The policy response should be twofold: address immediate concerns, and propose an approach to dealing with the longer-term issues the pandemic highlights. In the short term, that means identifying the people and activities most affected, assessing how measures to help them will impact others, and underlining that difficult trade-offs between health, economic, social, and other goals are inevitable. In the longer term, an approach that reacts to the systemic origins and impacts of major shocks is needed if policies are to be effective. The Covid-19 crisis also shows how important it is to keep resources in reserve for times when unexpected upheavals in the system prevent it from functioning normally (and the argument can be made for not depleting natural resources). Furthermore, given the interdependence of our economies and social systems, the pandemic also highlights the need for strengthened international cooperation (building on existing frameworks for emergency preparedness) based on evidence to tackle systemic threats and help avert systemic collapse.Footnote 1 Helbing (2012) and others have noted that the consequences of failing to appreciate and manage the characteristics of complex global systems and problems can be immense.
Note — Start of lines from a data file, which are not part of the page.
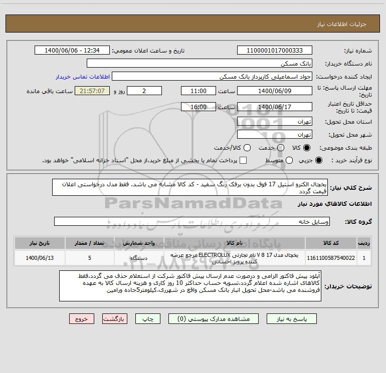 شرح کلی نیاز: یخچال الکترو استیل 17 فوق بدون برفک رنگ سفید - کد کالا مشابه می باشد. فقط مدل درخواستی اعلان قیمت گردد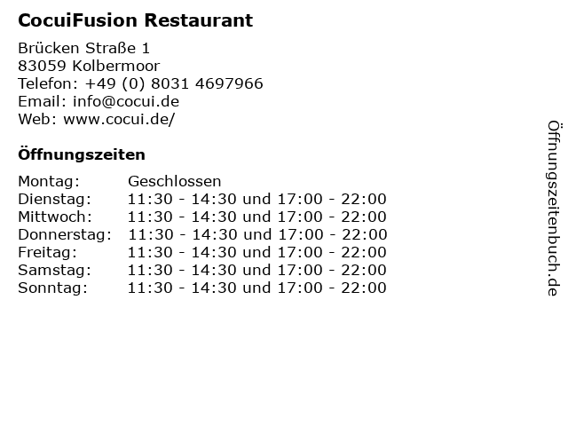 | Öffnungszeiten CocuiFusion Restaurant in Kolbermoor anzeigen | |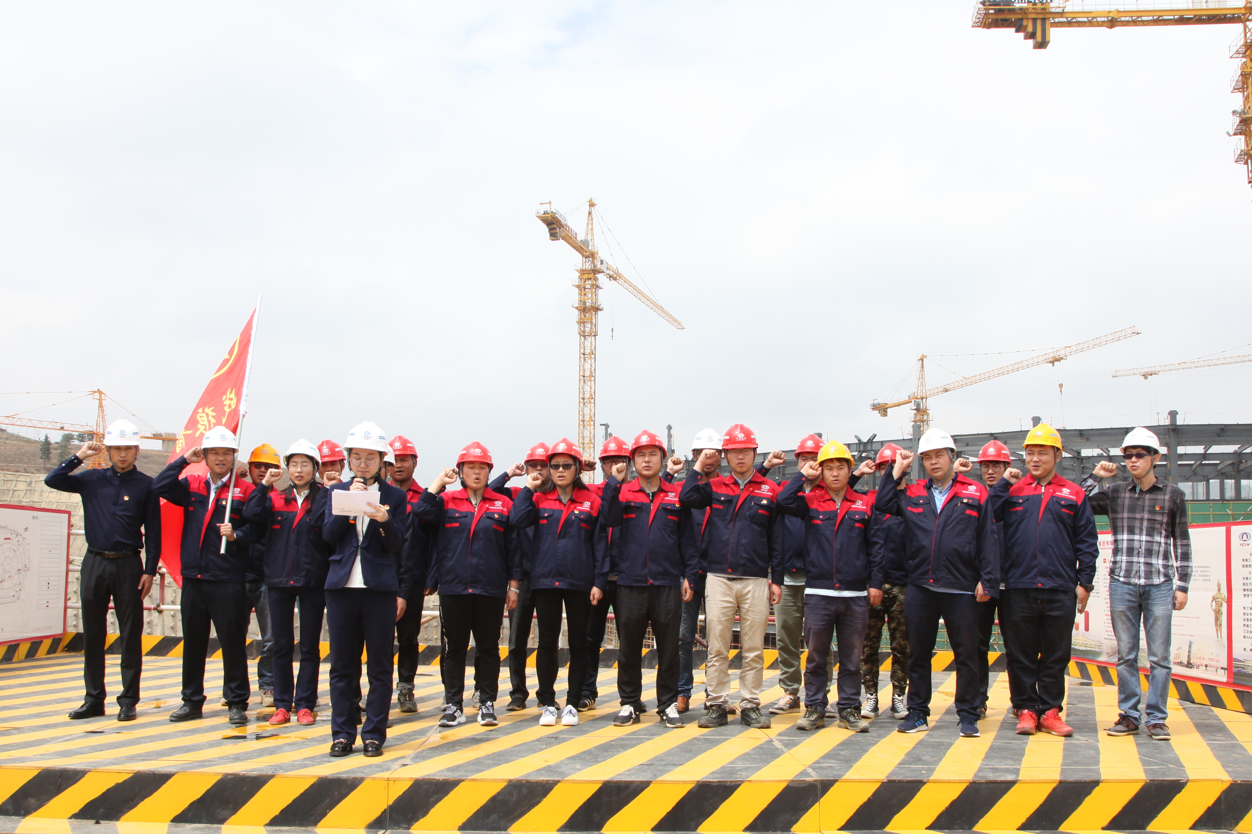 5月27日下午,第三直管項(xiàng)目部在車行天下汽車城(二期)項(xiàng)目施工現(xiàn)場(chǎng)舉行“戰(zhàn)狼青年突擊隊(duì)”的授旗儀式。公司黨委副書記榮凱和團(tuán)委副書記施尤俊親臨現(xiàn)場(chǎng)為“戰(zhàn)狼青年突擊隊(duì)”授旗并作動(dòng)員講話?!白钇D苦的擔(dān)子我們挑、最危險(xiǎn)的地方我們?nèi)?、最緊急的關(guān)頭我們上,最困難的時(shí)刻我們到?!卑殡S著洪亮的宣誓聲,突擊隊(duì)正式成立。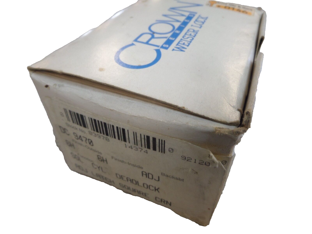 Weiser Crown DC9470US6H Single Cylinder Deadbolt Weiser Crown DC9470US6H single cylinder deadbolt. The Crown series was Weiser's standard security deadbolt. Antique Brass Highlighted finish. Weiser 5 pin WR5 keyway cylinder. Latch is adjustable 2 3/8" or 2 3/4" backset with a square face. Fits in 1 1/2" or 2 1/8" hole. This is the classic Weiser design made in the USA and is no longer available. Kwikset now owns what is left of Weiser and the Weiser available now is of Kwikset design and imported. Includes 2 keys, latch, strike plate, mounting screws and instructions/template. Check out our Ebay store to see all the items we sell!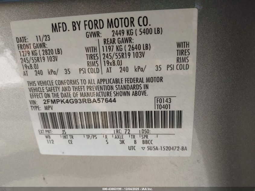 2024 FORD EDGE 2024 року Бензин, 2.0, Повний привід, vin - 2FMPK4G93RBA57644 з США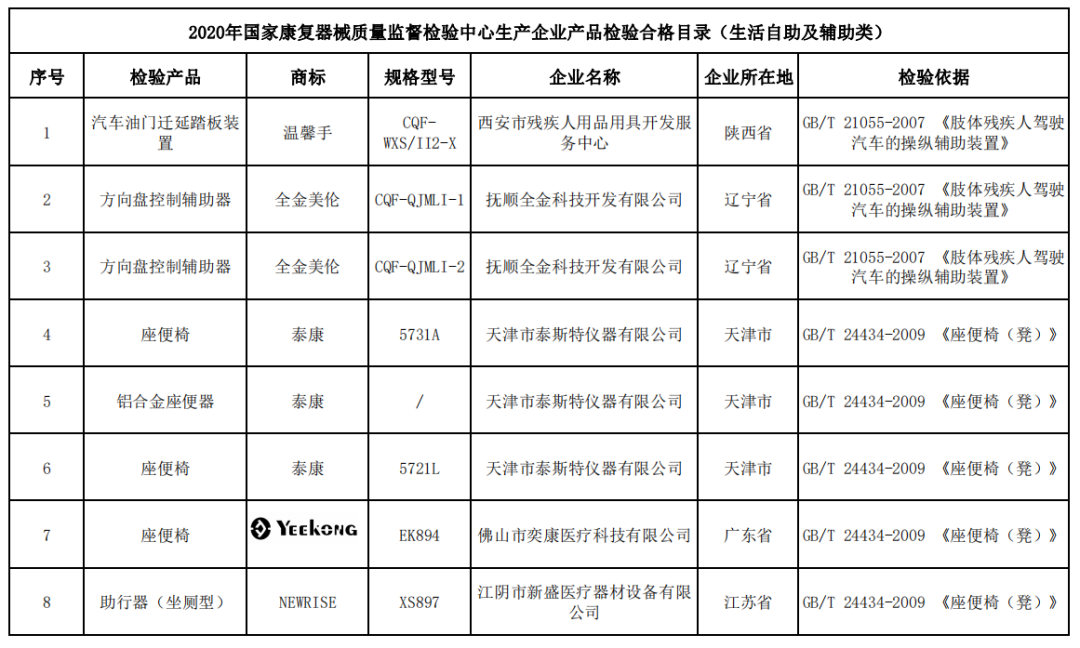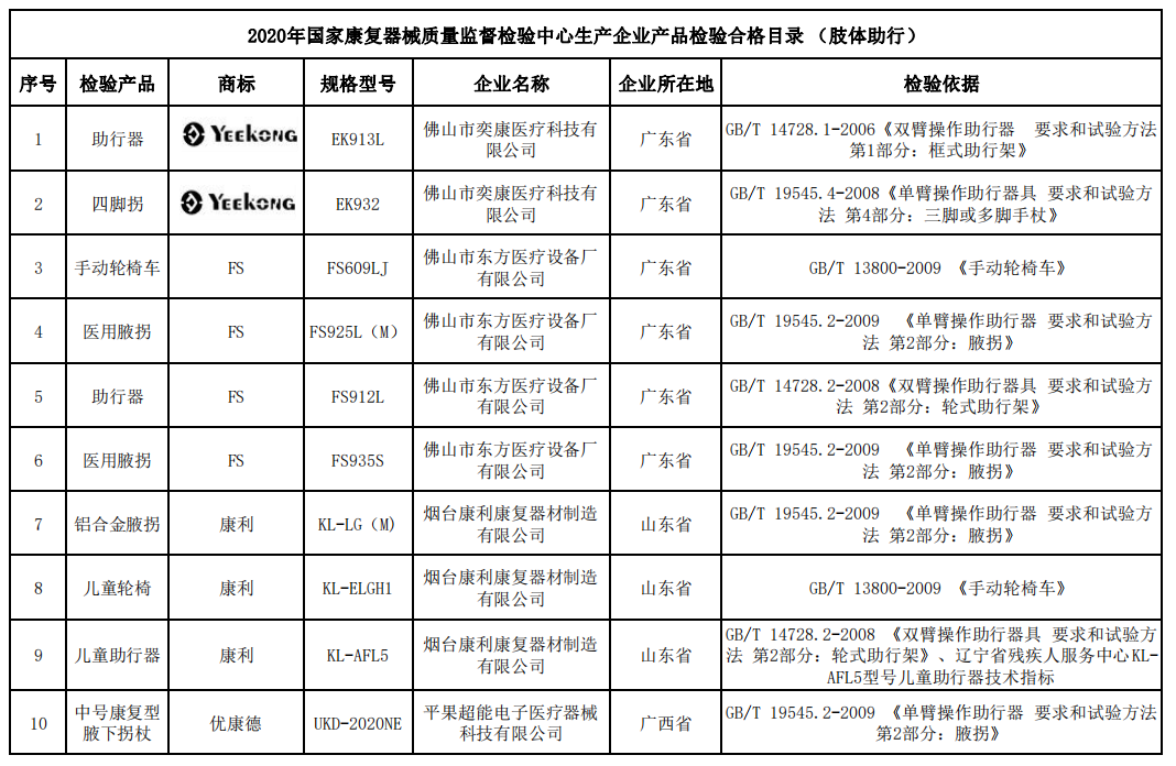 日前,中國殘疾人輔助器具中心公布了《國家康復(fù)器械質(zhì)量監(jiān)督檢驗中心 2020年生產(chǎn)企業(yè)產(chǎn)品檢驗合格目錄》,目錄包含假肢、肢體助行、聽力、視力、康復(fù)訓(xùn)練器械、生活自助及輔助類共6類產(chǎn)品。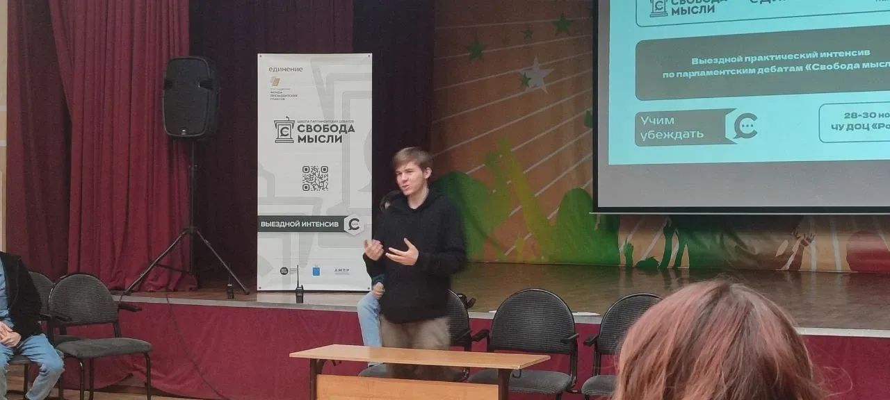 Уже на этих выходных, с 28 по 30 ноября, на площадке ЧУ ДОЦ «Ровесник» команда фонда «Единение» организовала выездной интенсив по парламентским дебатам «Свобода мысли», который объединил активную и инициативную молодежь региона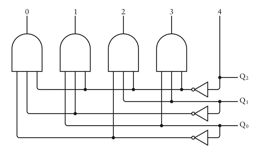 Khi số nhị phân ba chữ số đếm từ 000 đến 100, các đầu ra của bộ giải mã sẽ lần lượt là 0, 1, 2, 3, 4, và sau đó quay lại 0 cho chu kỳ tiếp theo. Lưu ý rằng đầu ra được dán nhãn "4" không yêu cầu một cổng AND, bởi vì Q2 bằng 1 chỉ khi số nhị phân là 100, tức là số 4.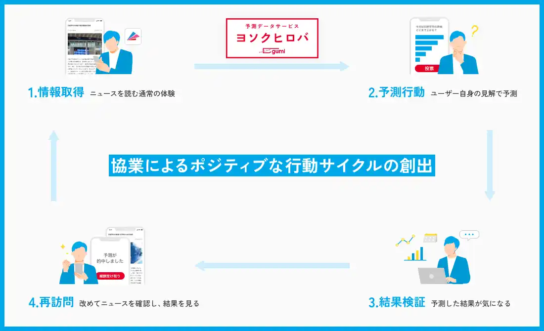 具体的には、ニュースによる「情報取得」から始まり、それに基づく「予測行動」、その後の「結果検証」、そして検証のための「再訪問」という一連のサイクルを、サービスを通じて提供してまいります。 |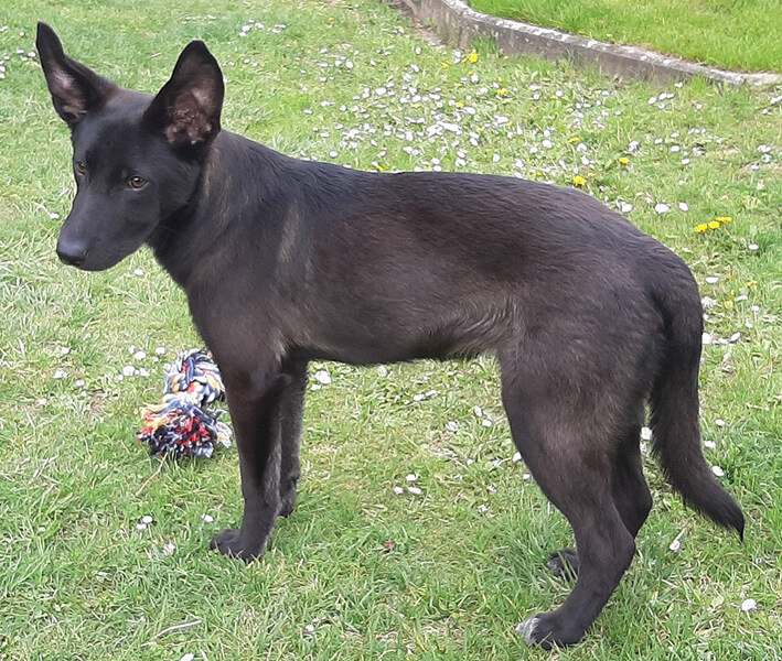 In unserem Garten jagt er den Bällen hinterher und fühlt sich wohl, nur draußen außerhalb des Gartens ist er noch ängstlich und auch das Gehen an der Leine müssen wir noch üben. Aber mit viel Liebe und Geduld bekommen wir das hin.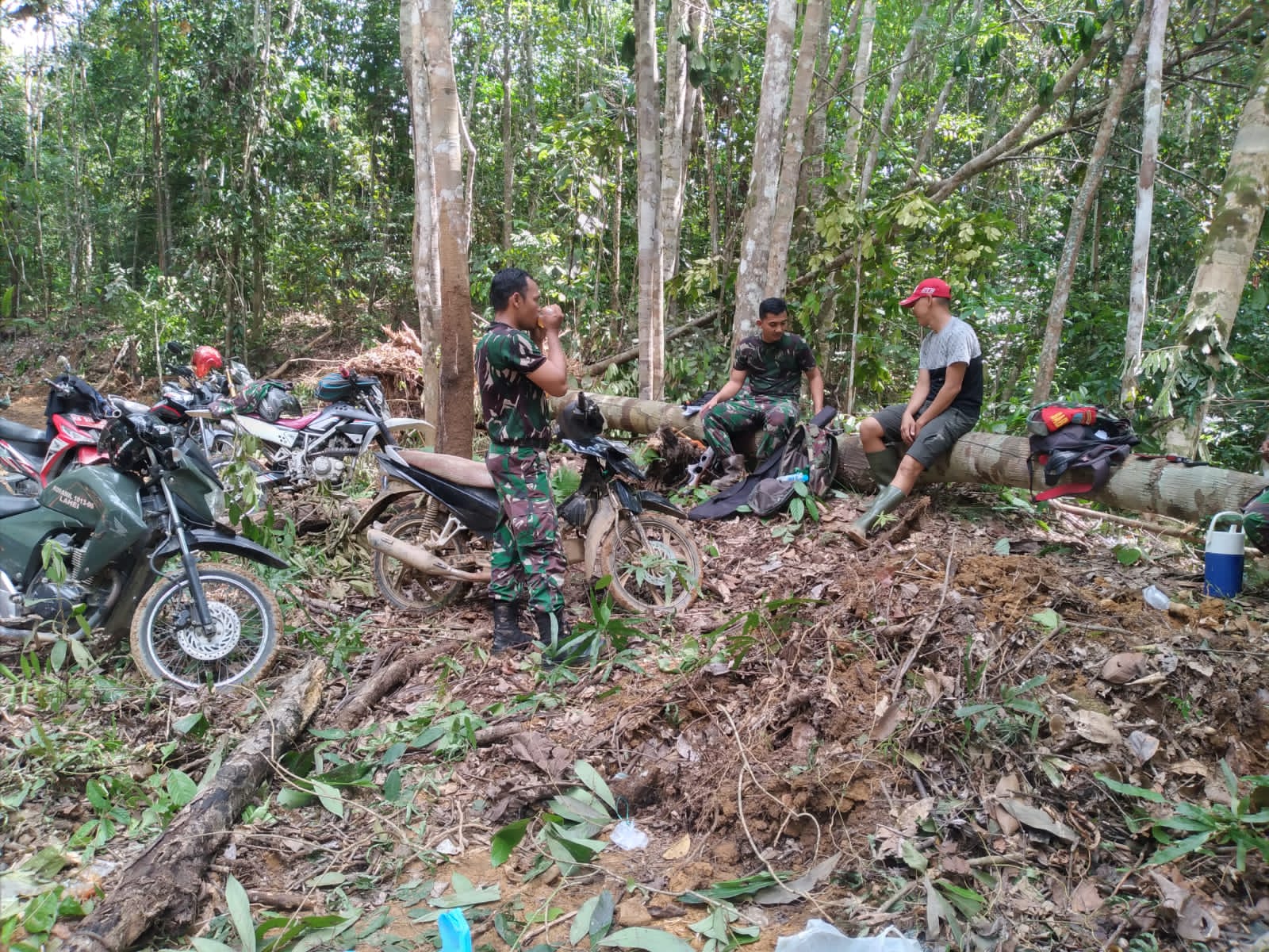 Suasana yang begitu harmonis dilakukan prajurit yang mengikuti Satgas TMMD wilayah Kodim 1013/Muara Teweh yang sedang beristirahat bersama masyarakat di lokasi TMMD pembukaan jalan.

2 Economic and social impact of COVID-19

Declared a pandemic by the World Health Organization (WHO) on March 11, 2020, Covid-19 quickly spread globally. The elderly disproportionality experience more negative health outcomes, but the effects on them result from more than just the medical conditions common to other at-risk groups, such as obesity, smoking, heart disease, and diabetes. A number of additional factors contribute to the total impact. The elderly are exceptionally exposed to death from the disease, but also risks arising from isolation and weak social ties, compounded by the fragmentation of health and social care services. School closures are the main impact on children and young people, but the capacity to compensate for the projected loss in learning varies according to socioeconomic status, with those from low-income and/or single-parent families likely to be the most affected by the closure of schools and childcare facilities. The PISA 2015 surveys (OECD 2016) reveal that nearly a quarter of 15-year-olds of low socioeconomic status do not have an office or a quiet place to study; just over 1 in 5 teenagers in the same families have no access to a computer for school work or an internet connection. The poorest children are also suffering by being deprived of school meals and other support measures provided by or at schools.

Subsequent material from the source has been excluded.